> **Activity**: From the first line of the material through the line that holds "Vanaf de overloop", repeat each line exactly and skip any picture.

> **Data below**:
□ □ □ □
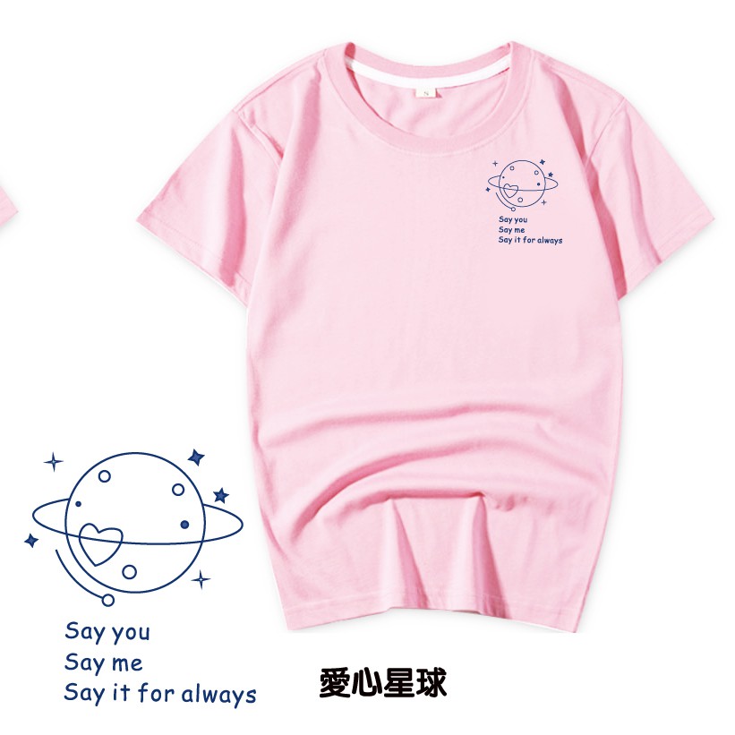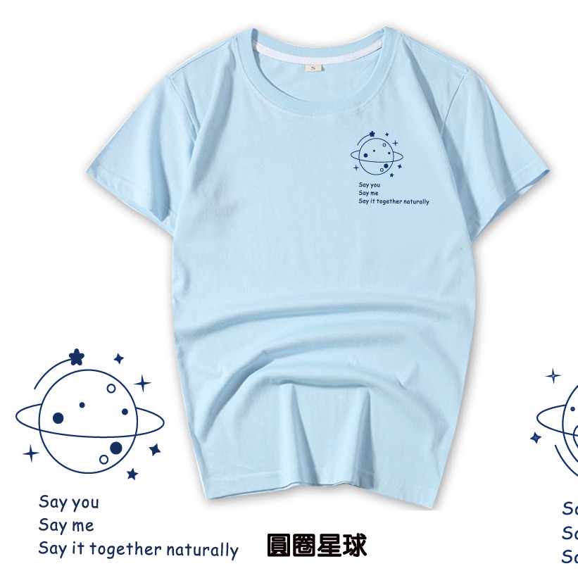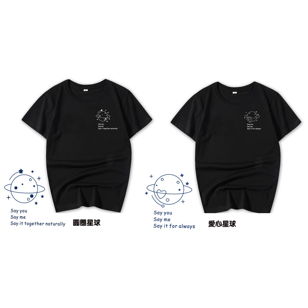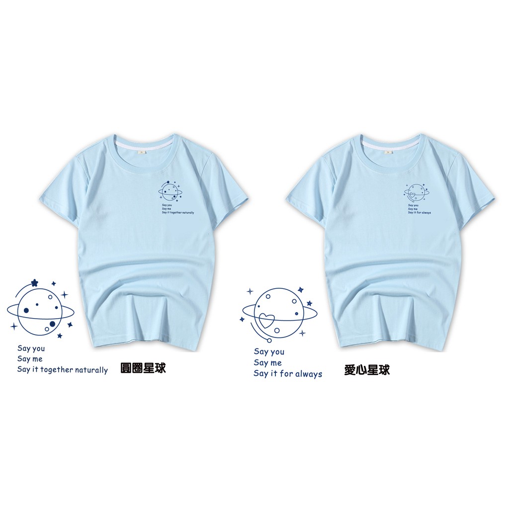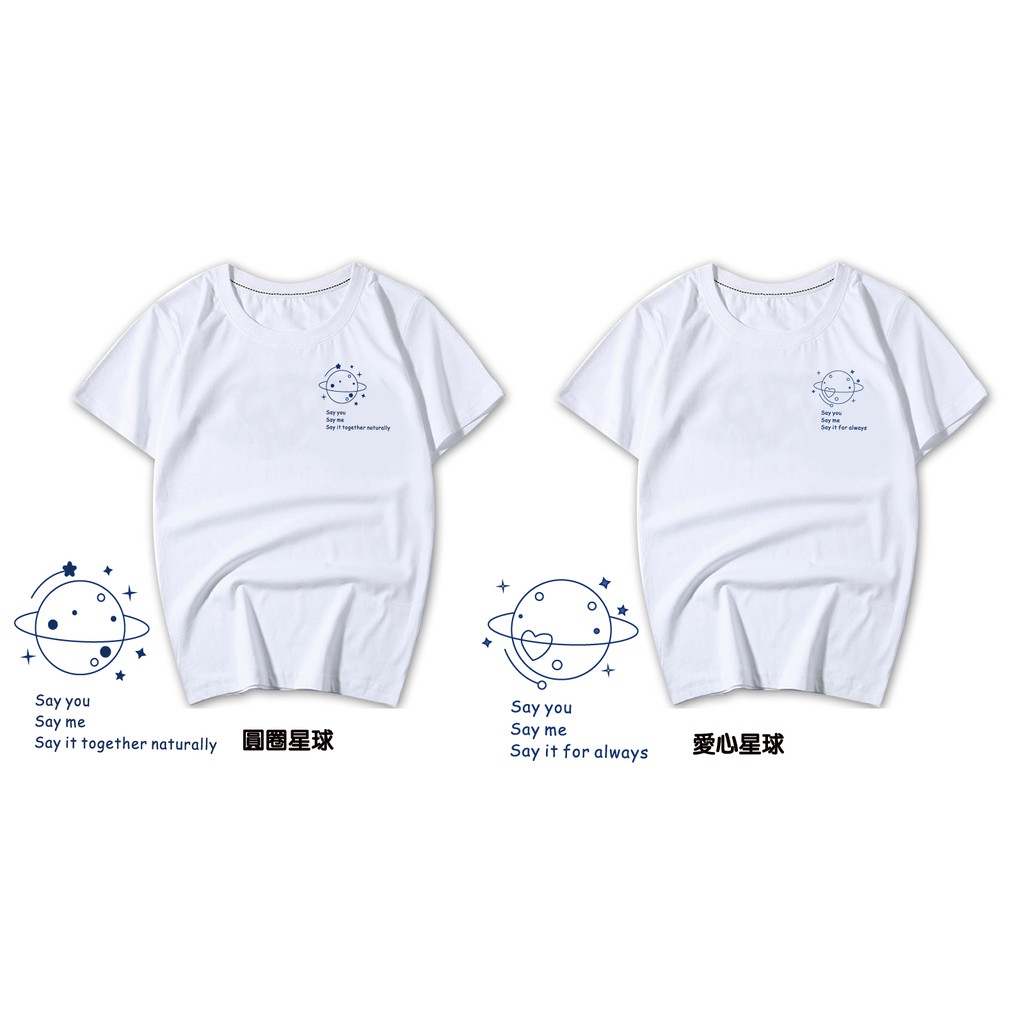 情侶裝 潮T 班服 情侶t 純棉短t 短袖 【Y0898-19】單純線條愛心星球 台灣製造 快速出貨不用等 親子裝
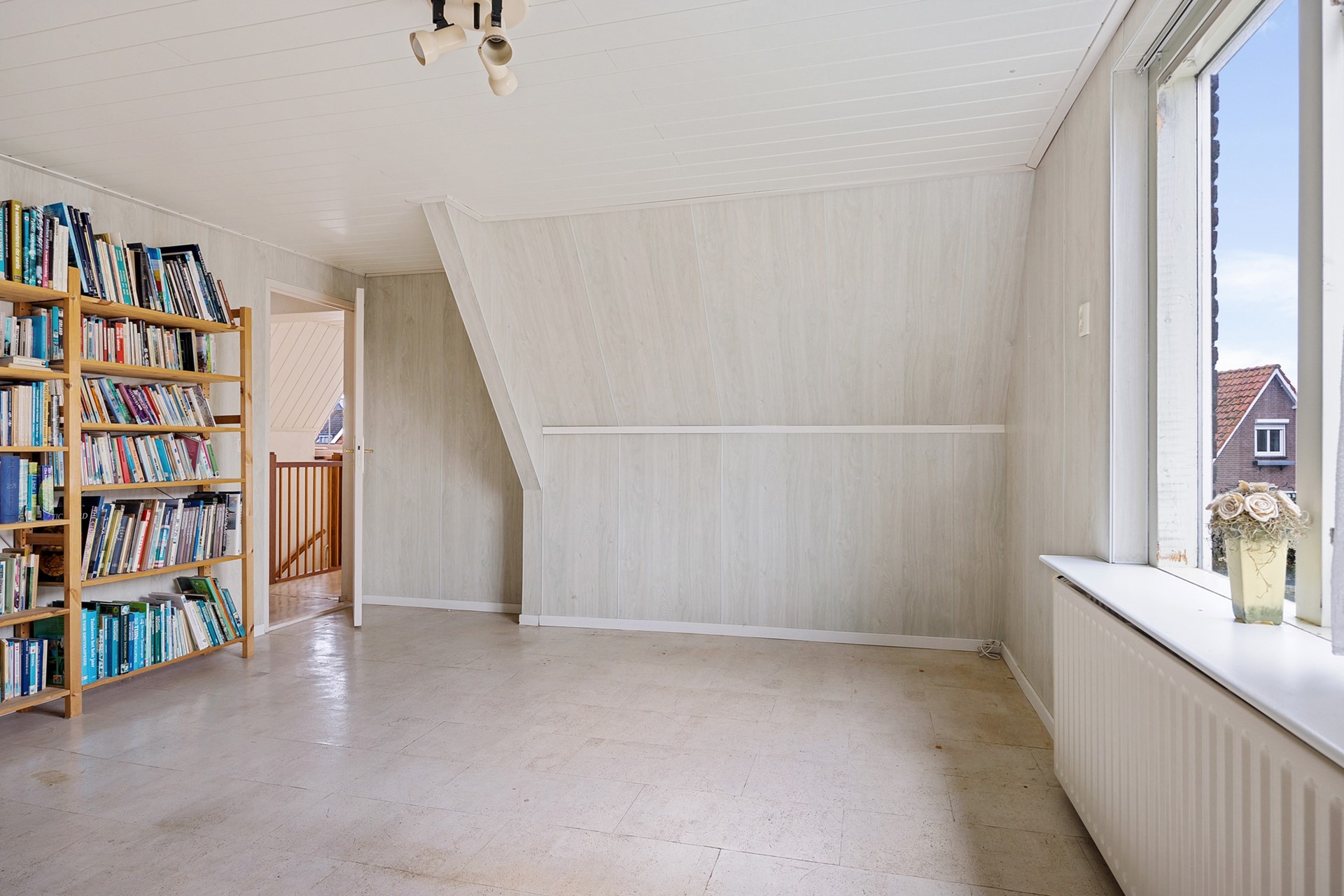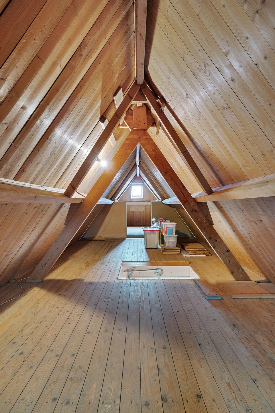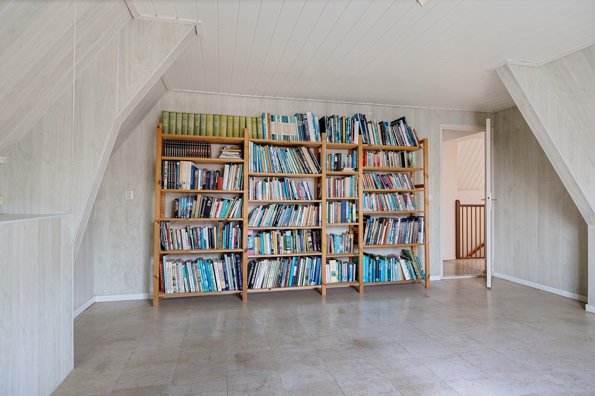 Vanaf de overloop met praktische bergruimte, bereik je de vier slaapkamers en de tweede badkamer. Aan de voorzijde bevinden zich twee kleinere slaapkamers, waarvan één met een extra dakraam en inbouwkast. Aan de achterzijde zijn twee grotere slaapkamers te vinden. De badkamer op de verdieping, voorzien van dakraam, is eenvoudig maar netjes en praktisch qua indeling met een wastafel, tweede toilet en inloopdouche. Ook deze etage biedt potentie voor een vernieuwde indeling en tal van mogelijkheden. Een vlizotrap op de overloop biedt toegang tot de grote zolder met veel opbergruimte en eventueel de mogelijkheid voor een extra kamer, na plaatsing van dakkapellen.
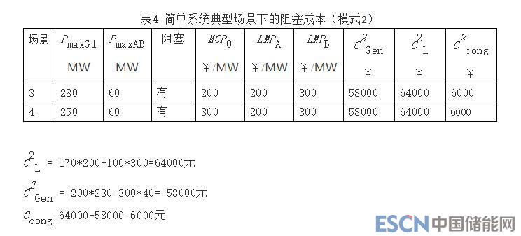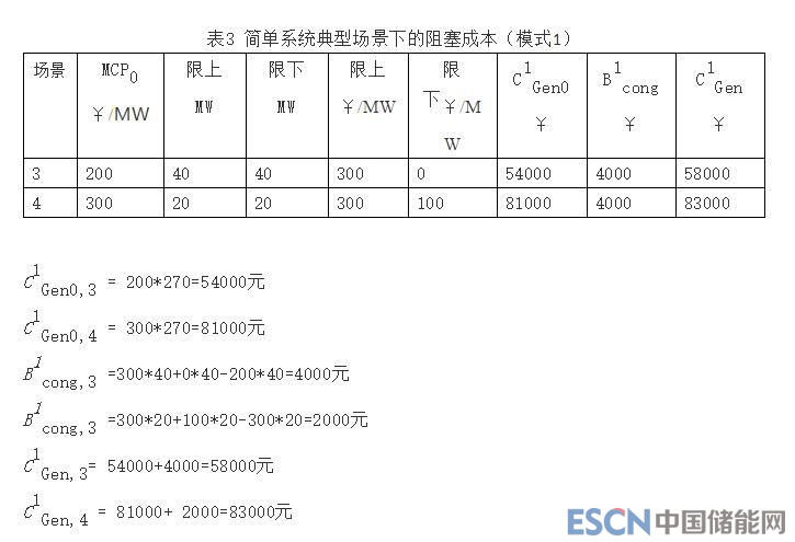 模式1-1:這種方法對(duì)應(yīng)英國(guó)第一階段改革Pool模式。由于阻塞出力增加的部分稱為限上,由于阻塞出力減小的部分稱為限下。對(duì)限上部分按照?qǐng)?bào)價(jià)支付。本例中,限上就是機(jī)組2由于阻塞增發(fā)的部分,在情況3、4中分別為40MW、20MW,按其報(bào)價(jià)300支付。對(duì)限下部分按照(MCP-報(bào)價(jià))支付(如果報(bào)價(jià)反映電廠的成本,這個(gè)差價(jià)就反映其由于阻塞損失的收益)。本例中,限下就是機(jī)組1由于阻塞減發(fā)的部分,在情況3、4中分別為40MW、20MW,分別按照(200-200)、(300-200)支付。表3中Σbuy指無(wú)阻塞下的總購(gòu)電成本,B1cong指模式1下阻塞造成的購(gòu)電成本的增加。B1cong包括三個(gè)部分:支付給限上機(jī)組的補(bǔ)償、支付給限下機(jī)組的補(bǔ)償、減少的限下機(jī)組的支出。
□ □ □ □
> **Reply**:
 情侶裝 潮T 班服 情侶t 純棉短t 短袖 【Y0898-19】單純線條愛心星球 台灣製造 快速出貨不用等 親子裝
 Vanaf de overloop met praktische bergruimte, bereik je de vier slaapkamers en de tweede badkamer. Aan de voorzijde bevinden zich twee kleinere slaapkamers, waarvan één met een extra dakraam en inbouwkast. Aan de achterzijde zijn twee grotere slaapkamers te vinden. De badkamer op de verdieping, voorzien van dakraam, is eenvoudig maar netjes en praktisch qua indeling met een wastafel, tweede toilet en inloopdouche. Ook deze etage biedt potentie voor een vernieuwde indeling en tal van mogelijkheden. Een vlizotrap op de overloop biedt toegang tot de grote zolder met veel opbergruimte en eventueel de mogelijkheid voor een extra kamer, na plaatsing van dakkapellen.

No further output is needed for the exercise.